> _Work to complete_
Skip the pictures and copy all the data that follows exactly.

> _Dataset excerpt_
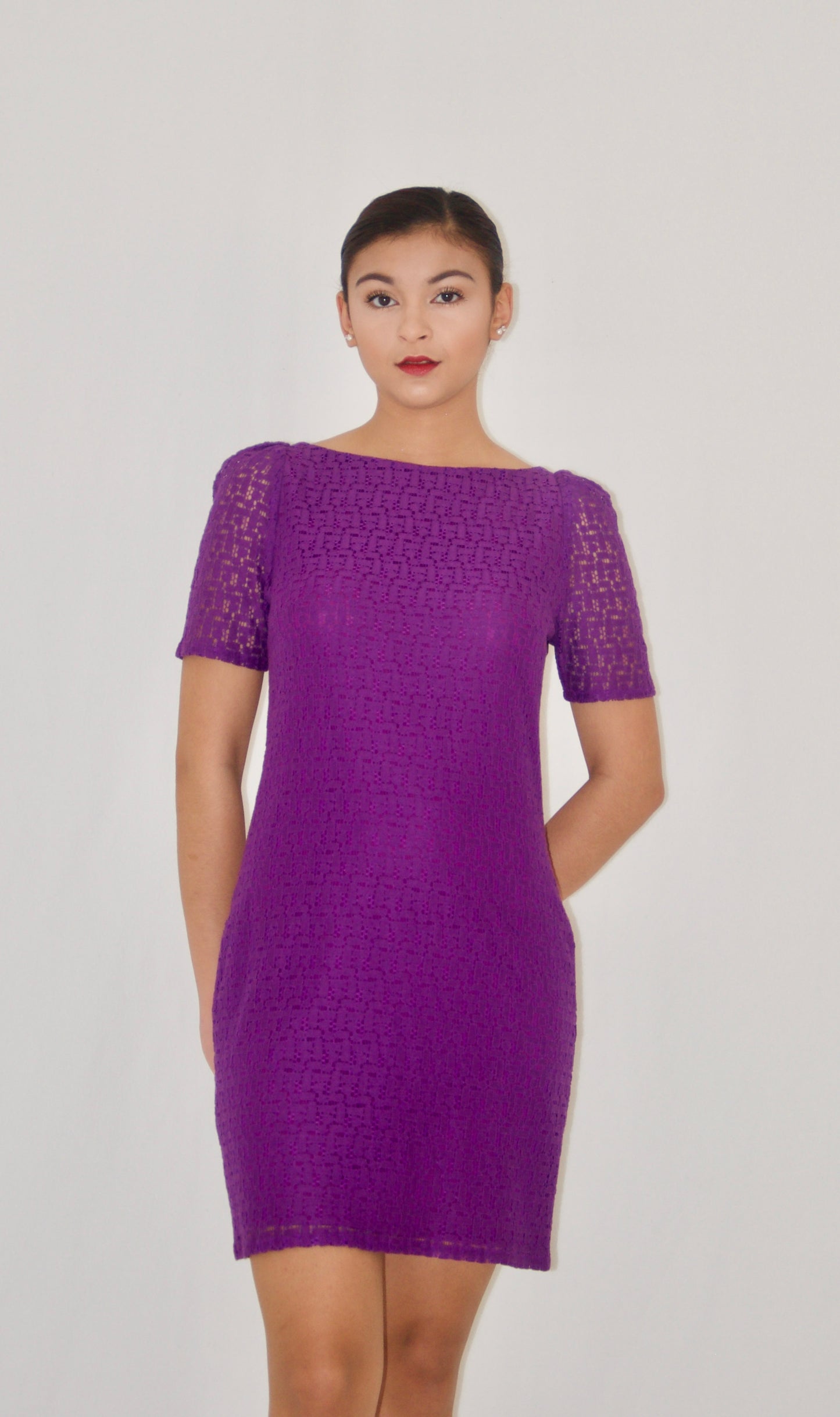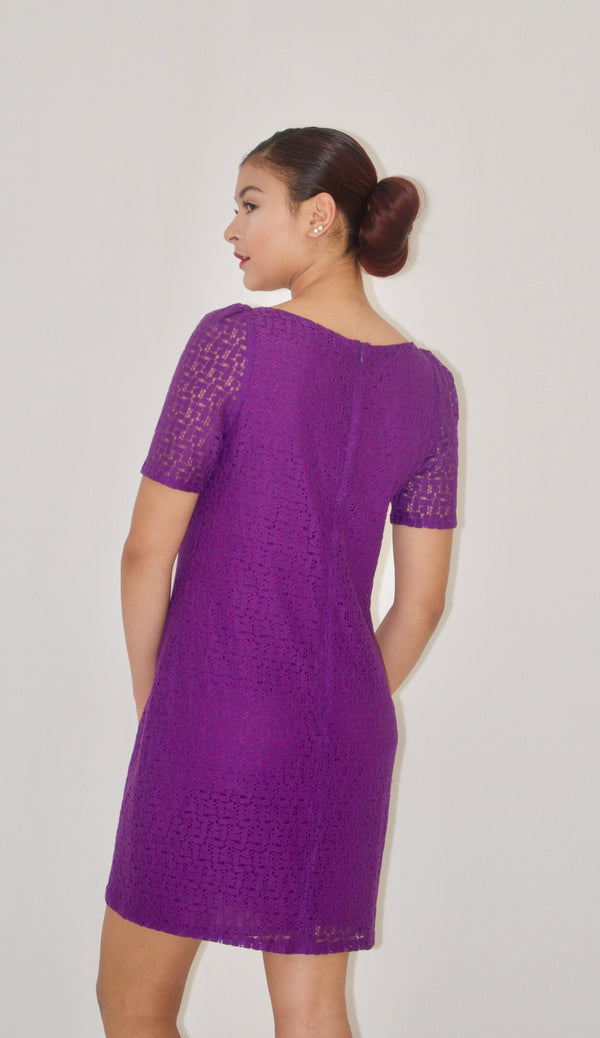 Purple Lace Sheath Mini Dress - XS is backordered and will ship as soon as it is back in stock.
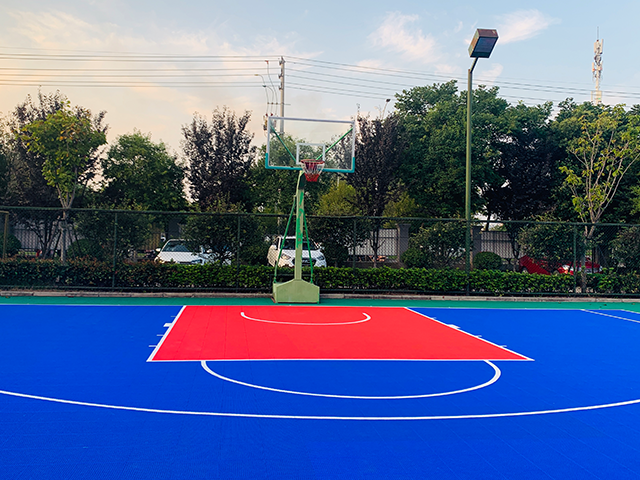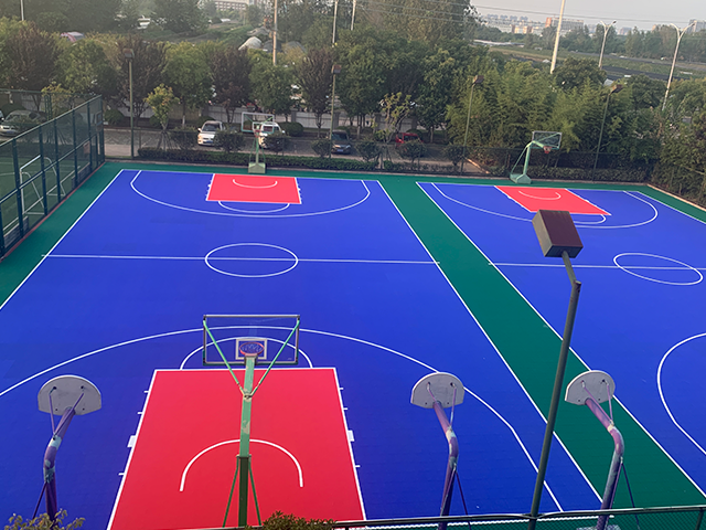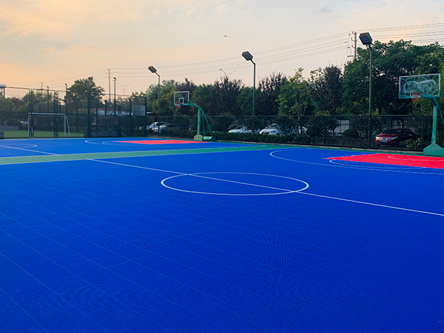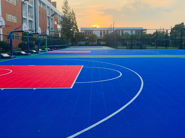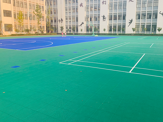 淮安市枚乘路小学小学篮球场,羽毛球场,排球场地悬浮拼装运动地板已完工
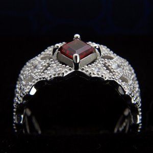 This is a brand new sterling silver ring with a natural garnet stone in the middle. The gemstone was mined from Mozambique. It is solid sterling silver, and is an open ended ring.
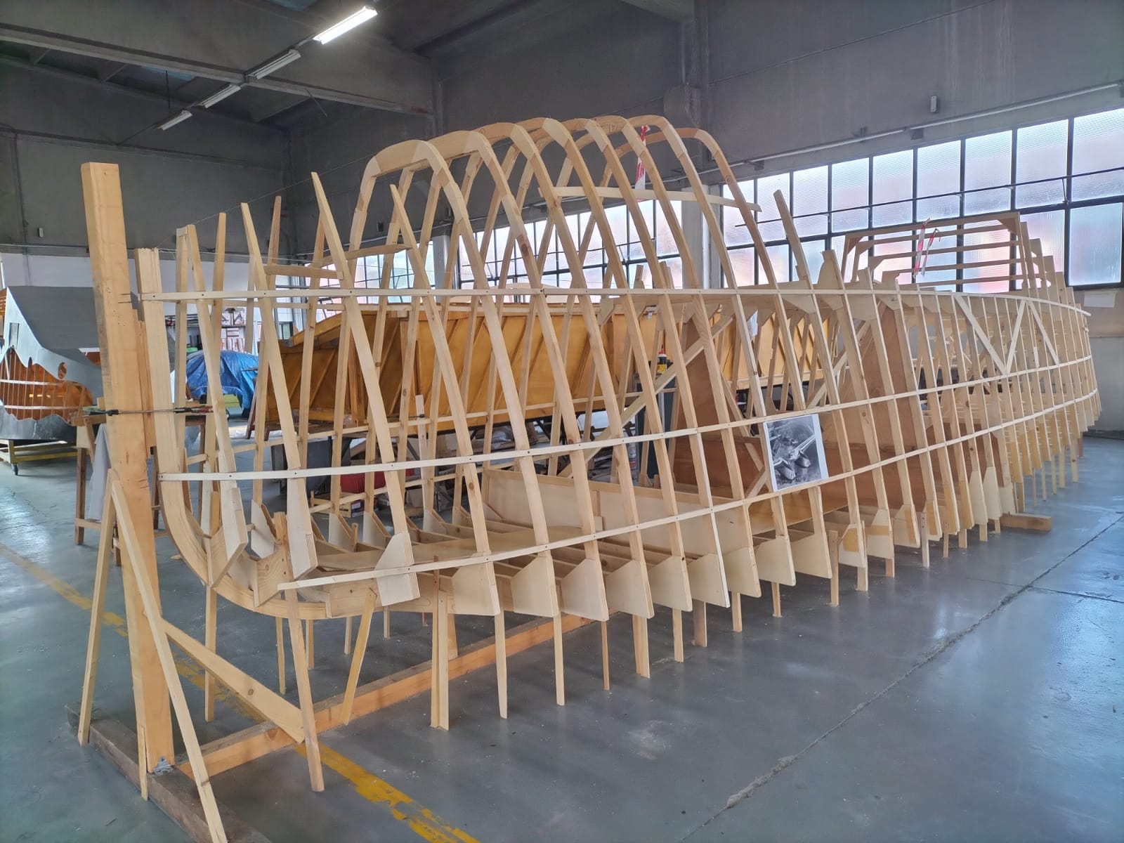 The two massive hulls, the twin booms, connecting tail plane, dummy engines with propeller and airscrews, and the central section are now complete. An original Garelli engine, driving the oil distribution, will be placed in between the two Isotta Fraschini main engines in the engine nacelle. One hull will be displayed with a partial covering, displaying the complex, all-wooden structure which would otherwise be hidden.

> _Finished task_
 Purple Lace Sheath Mini Dress - XS is backordered and will ship as soon as it is back in stock.
 淮安市枚乘路小学小学篮球场,羽毛球场,排球场地悬浮拼装运动地板已完工
 This is a brand new sterling silver ring with a natural garnet stone in the middle. The gemstone was mined from Mozambique. It is solid sterling silver, and is an open ended ring.
 The two massive hulls, the twin booms, connecting tail plane, dummy engines with propeller and airscrews, and the central section are now complete. An original Garelli engine, driving the oil distribution, will be placed in between the two Isotta Fraschini main engines in the engine nacelle. One hull will be displayed with a partial covering, displaying the complex, all-wooden structure which would otherwise be hidden.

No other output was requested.